▸ **AIM OF THE TASK**: Give the data again exactly as written, without any of its pictures.

▸ **DATA**:
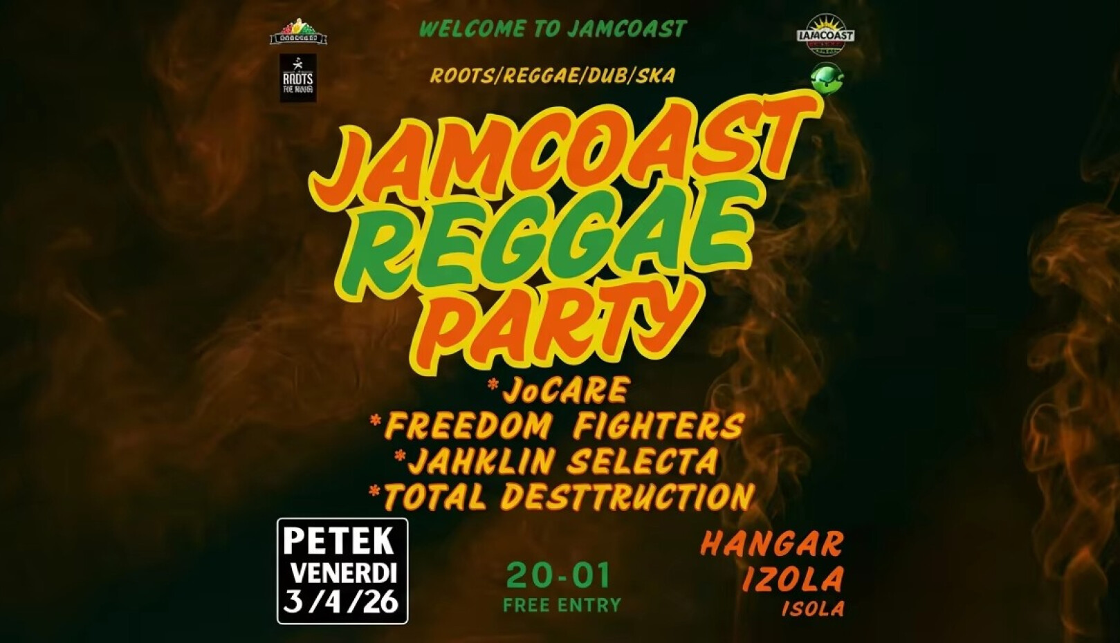 Jamcoast ekipa v sodelovanju z Hangar Bar pripravlja prvo letošnje pomladansko REGGAE druženje, ki bo zaznamovalo začetek toplejših dni v ritmih dobre glasbe, sproščenega vzdušja in pozitivne energije.
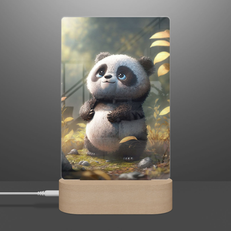 Součástí balení je akrylové sklo dle výběru, dřevěný RGB LED stojánek a napájecí USB kabel.
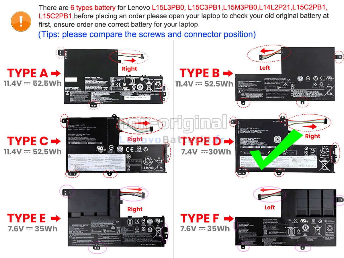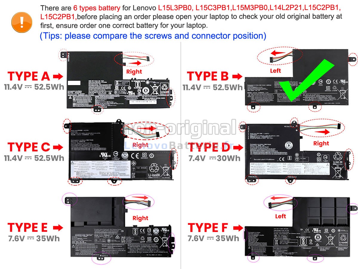 Before placing an order, please open your laptop to check your old battery first, ensure the screws and connector position is same as ours.
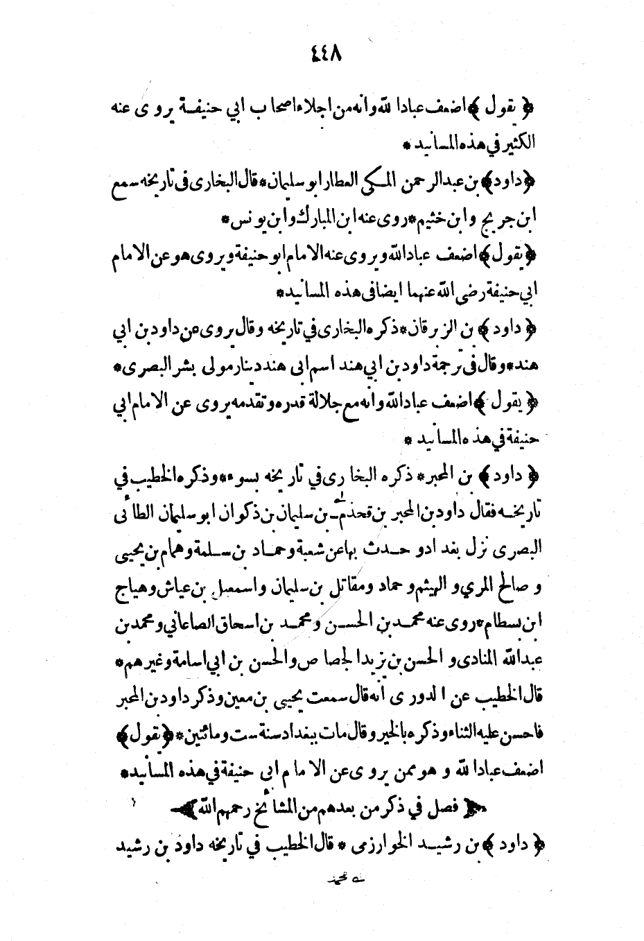 (خلاد) بن يحيى* قال البخاري في تاريخه خلاد بن يحيى أبو محمد كوفي سمع مسعر أو الثوري سكن مكة ومات بها قريباً من ثلاث عشرة ومائتين* (يقول) أضعف عباد الله وهو يروي عن أصحاب أبي حنيفة في هذه المسانيد*
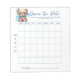Melhore seu chá de fraldas com uma suposição personalizada e personalizada sobre a atividade do jogo de data. Os convidados tentam selecionar a data de nascimento correta. Este é um estilo de calendário sem os números reais mostrados. Os convidados podem escrever na data eles próprios, ou você pode optar por incluir os números dependendo do mês desejado. Quem escolhe corretamente ganha um prêmio. Vem em um estilo de bloco de notas de 40 páginas rasas do lado do solteiro. Há até espaço para os participantes fornecerem seus nomes para se referirem mais tarde. Teddy Bear Blue Design. Ajuste ou altere o texto conforme necessário. Use a modelo para criar seu próprio chá de fraldas adivinhar o jogo de data.
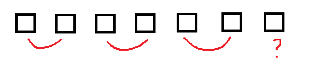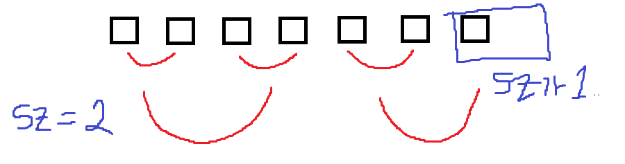 배열의 길이가 7일 때를 생각해보자. 처음에 2개씩 묶다보면 마지막 한 조각이 남는다.

▸ **OUTPUT FOR THIS EXERCISE**:
 Jamcoast ekipa v sodelovanju z Hangar Bar pripravlja prvo letošnje pomladansko REGGAE druženje, ki bo zaznamovalo začetek toplejših dni v ritmih dobre glasbe, sproščenega vzdušja in pozitivne energije.
 Součástí balení je akrylové sklo dle výběru, dřevěný RGB LED stojánek a napájecí USB kabel.
 Before placing an order, please open your laptop to check your old battery first, ensure the screws and connector position is same as ours.
 (خلاد) بن يحيى* قال البخاري في تاريخه خلاد بن يحيى أبو محمد كوفي سمع مسعر أو الثوري سكن مكة ومات بها قريباً من ثلاث عشرة ومائتين* (يقول) أضعف عباد الله وهو يروي عن أصحاب أبي حنيفة في هذه المسانيد*
Melhore seu chá de fraldas com uma suposição personalizada e personalizada sobre a atividade do jogo de data. Os convidados tentam selecionar a data de nascimento correta. Este é um estilo de calendário sem os números reais mostrados. Os convidados podem escrever na data eles próprios, ou você pode optar por incluir os números dependendo do mês desejado. Quem escolhe corretamente ganha um prêmio. Vem em um estilo de bloco de notas de 40 páginas rasas do lado do solteiro. Há até espaço para os participantes fornecerem seus nomes para se referirem mais tarde. Teddy Bear Blue Design. Ajuste ou altere o texto conforme necessário. Use a modelo para criar seu próprio chá de fraldas adivinhar o jogo de data.
 배열의 길이가 7일 때를 생각해보자. 처음에 2개씩 묶다보면 마지막 한 조각이 남는다.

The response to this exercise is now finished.